While having sympathy for Daniels family history, Castro was no more like Stalin than Thatcher was like Hitler.
Castro led a people's revolution against a foreign imposed dictator. Cuba has close to 100% literacy in a region where no one else gets even close. This is why socialists regard him as a hero. I have no doubt many died under Castro's rule, but compare how many died in Cuba with how many the Americans killed in those same 50 years (Korea, Vietnam, Iraq, Afghanistan, Panama, Nicaragua, to name a few)
I'm not a socialist but to put him in the same sentence as Stalin is to do a dis-service to history.
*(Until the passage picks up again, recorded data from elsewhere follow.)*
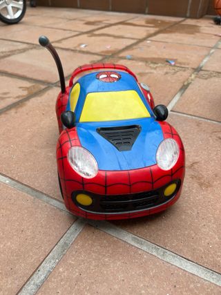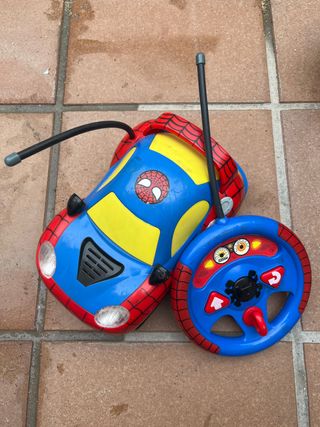 Divertido coche teledirigido con diseño de Spiderman. Incluye volante de control remoto. - Coche de color azul, amarillo y rojo. - Diseño inspirado en Spiderman con su logo. - Volante de control remoto con botones. - Antenas en el coche y en el control. - cuesta girar un poco -pilas NO incluidas
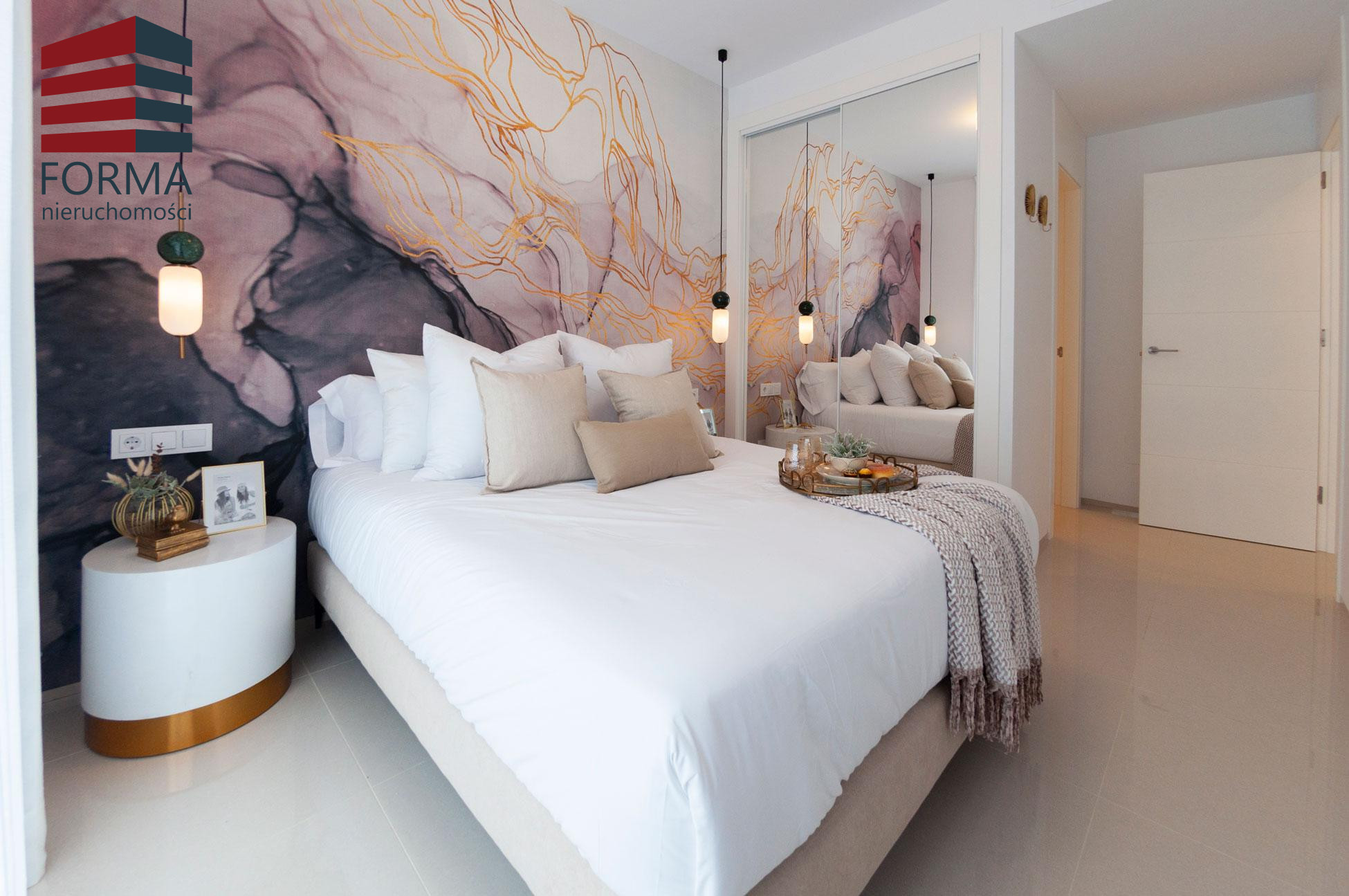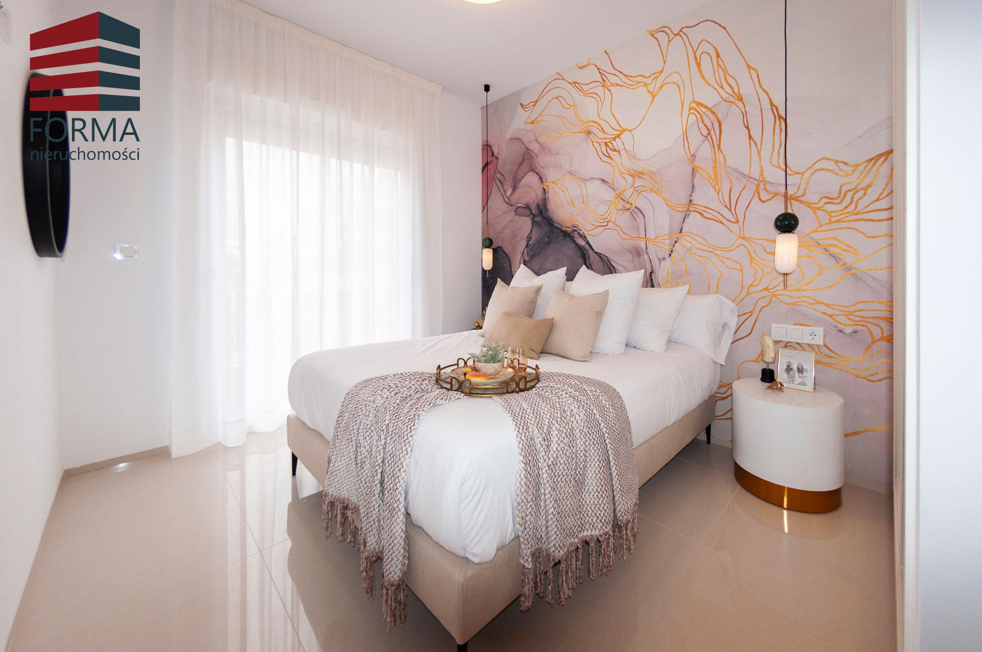 Sypialnie mają duże okna, które zapewniają mnóstwo światła i nowoczesne białe lakierowane szafy.
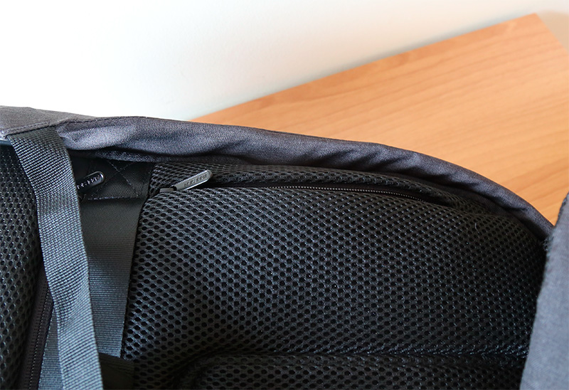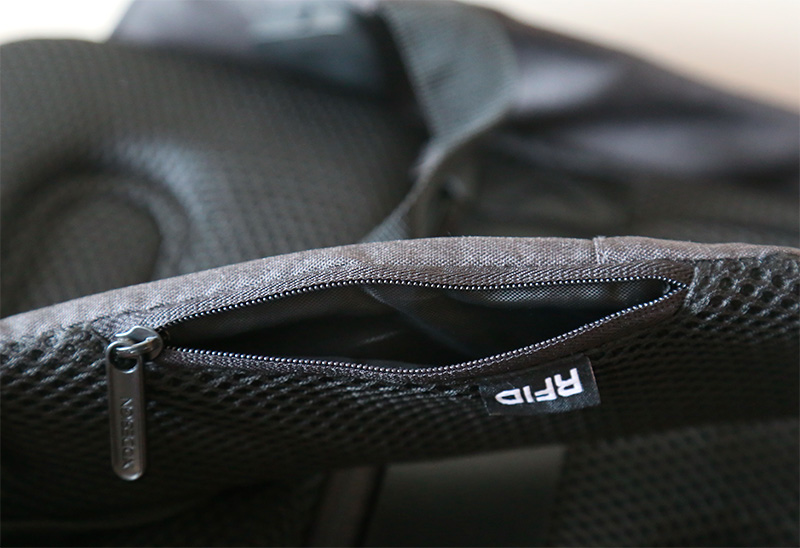 На левой лямке есть карман на молнии для пластиковой карты, проездного или денег. Карман имеет RFID-защиту: даже если к нему приложить сканер платежного терминала, то не удастся снять деньги с карты.
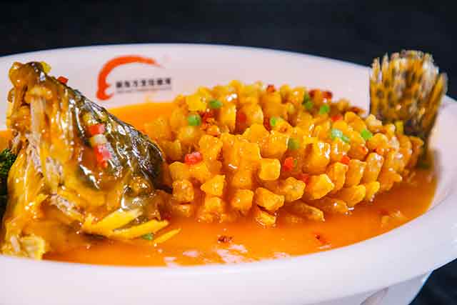 1. 油温六成热(180℃左右),手提鱼尾,先把鱼肉朝下浸炸定型,再放入鱼头。
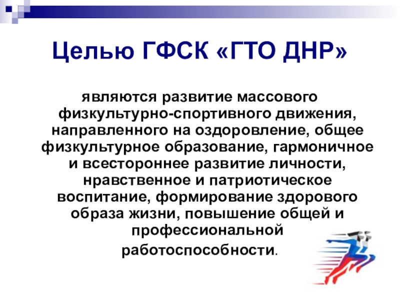 Слайд 7Целью ГФСК «ГТО ДНР»
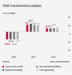 After a 10.4% contraction in 2020, UAE construction output is forecast to rebound more than 9% in 2021. However, the recovery of the property market, which is still struggling with overcapacity, remains rather uncertain. The industry was already performing poorly before the coronavirus outbreak, as modest economic growth over the past couple of years prevented higher spending on building projects. This led to increased cash difficulties and tight margins for construction businesses, especially for smaller companies.
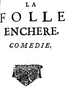 - La Folle Enchère, Comédie-Française, du 30 mai au 16 juin 1690, reprise les 14 et 16 janvier 1691, le 14 novembre 1691 à la Cour.
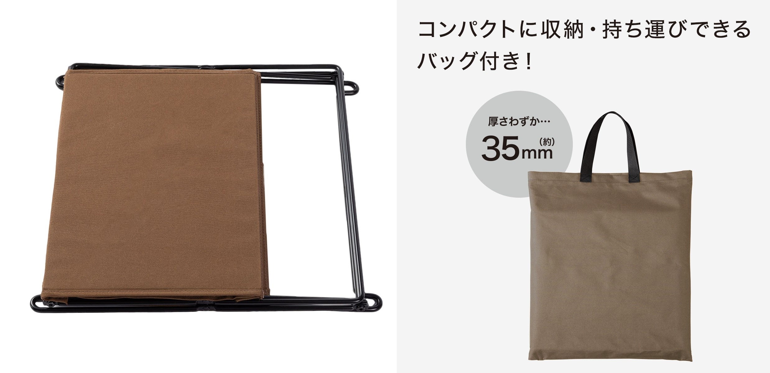④たたむと厚みわずか3.5cmで、移動も収納も手軽にできます。持ち運びに便利な収納バッグ付きです。

If we are counting bodies, Surely the US comes much closer to Stalin than Castro?
akram, london,
I agree wholeheartedly- however, think of castro's crimes, murder, jail, jail for homosexuals, tough law- its not too different to Britain not so long ago in terms of brutality, we too imprisoned homosexuals and also committed many atrocious acts. Communism is a great idea- its great pitfall is that it takes humans to run it, humanity is the real weak link- before one judges an ideal, you must judge humanity- when those who seek power take it, they generally like to maintain it, and by any means possible. Castro as a man is a dictator, his country however ruined by american blockades and trade sanctions-is it right that the people of cuba should suffer because the world does not like communism? I dont think it should be- America...still racist and misogynist- is that so great? Castro has done horrible things- so have alot of the world. Harman is wrong to call him a hero of the left- he is not a hero, give him this though at least, his health care system is better than ours ha!
David B, Newcastle, UK
Spot on. There are plenty of trendies walking around British cities wearing CCCP trackies (many of whom probably don't even know the letters are in the Cyrillic alphabet - but that's by the by). Haven't seen any Swastikas on the High Street since 1978. Yet the soviet iconography should be as offensive as the punks wanted to be, given what I would hope is common historical knowledge, but it's simply today's commodified cool.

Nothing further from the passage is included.